**Aim of the task**
From the entries below, print exactly the span beginning with the line holding "Sumlog, Windmesser |" and ending with the line holding "2024 NEWEST ENHANCED", endpoints included, and skip any pictures.

**Available data**
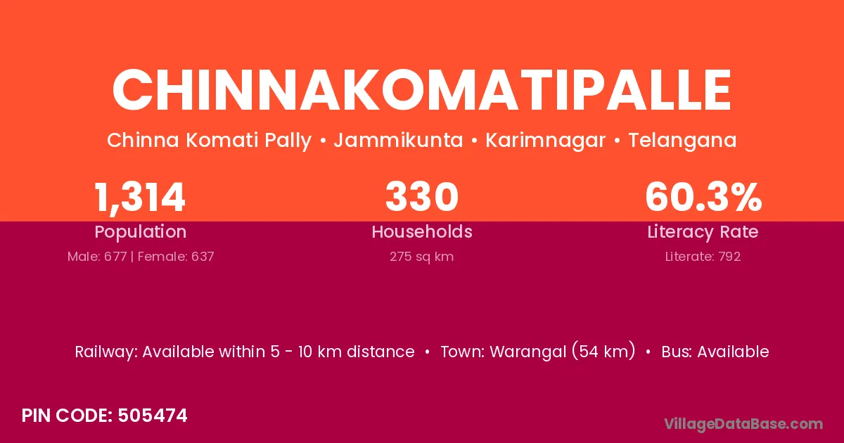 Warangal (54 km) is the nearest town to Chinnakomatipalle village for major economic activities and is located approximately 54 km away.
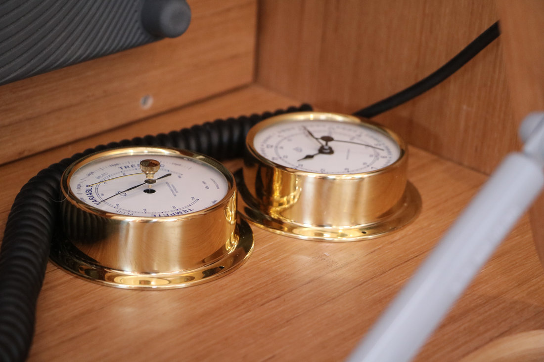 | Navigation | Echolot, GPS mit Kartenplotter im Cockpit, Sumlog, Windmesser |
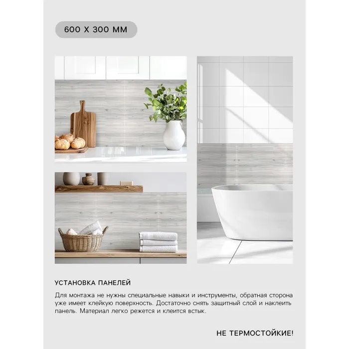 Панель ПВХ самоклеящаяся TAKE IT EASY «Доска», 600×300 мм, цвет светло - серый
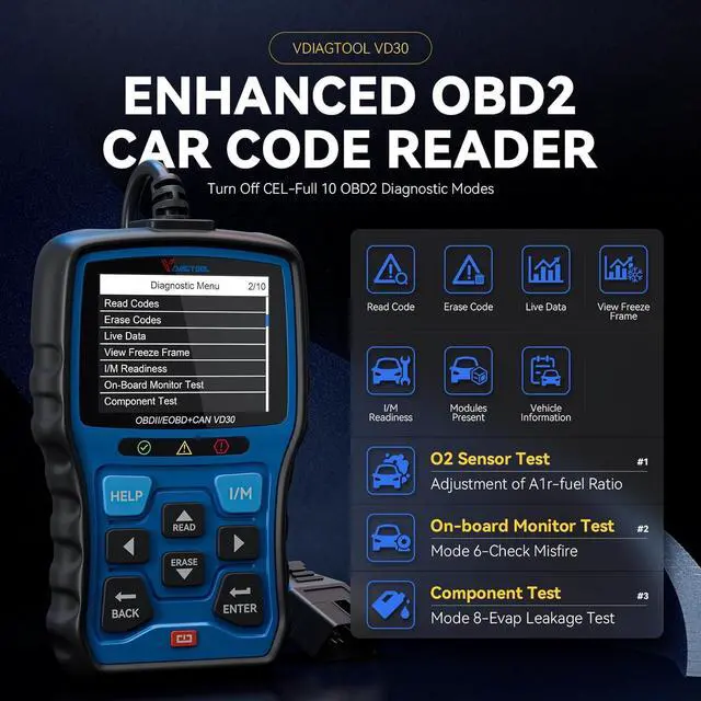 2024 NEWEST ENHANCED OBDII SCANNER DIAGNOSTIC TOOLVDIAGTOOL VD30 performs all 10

---

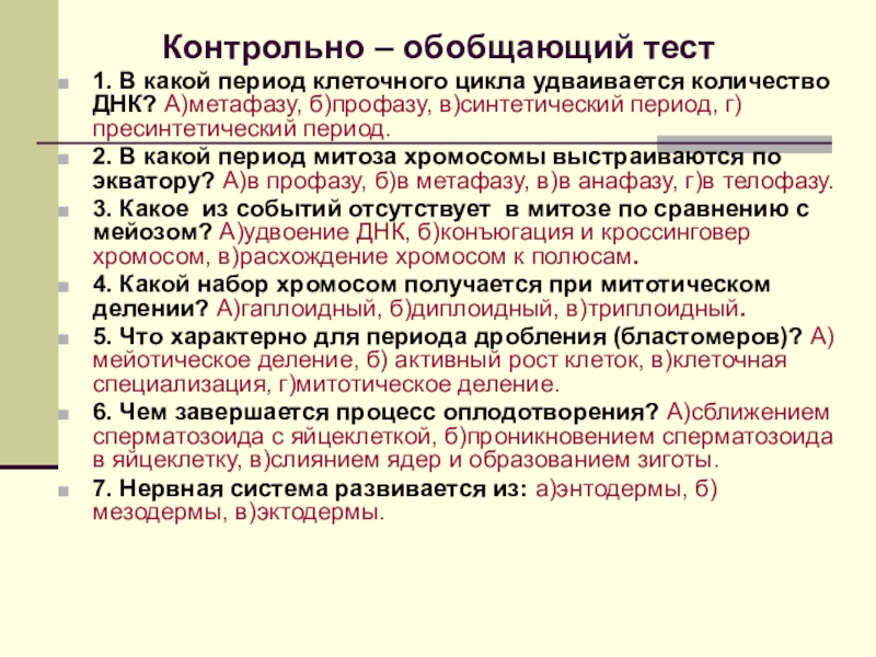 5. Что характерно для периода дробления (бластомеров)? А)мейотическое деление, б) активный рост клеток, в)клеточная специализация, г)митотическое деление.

--

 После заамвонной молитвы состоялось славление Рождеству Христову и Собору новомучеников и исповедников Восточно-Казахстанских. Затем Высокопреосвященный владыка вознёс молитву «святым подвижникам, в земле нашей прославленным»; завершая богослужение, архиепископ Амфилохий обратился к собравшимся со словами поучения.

**Finished task**
 | Navigation | Echolot, GPS mit Kartenplotter im Cockpit, Sumlog, Windmesser |
 Панель ПВХ самоклеящаяся TAKE IT EASY «Доска», 600×300 мм, цвет светло - серый
 2024 NEWEST ENHANCED OBDII SCANNER DIAGNOSTIC TOOLVDIAGTOOL VD30 performs all 10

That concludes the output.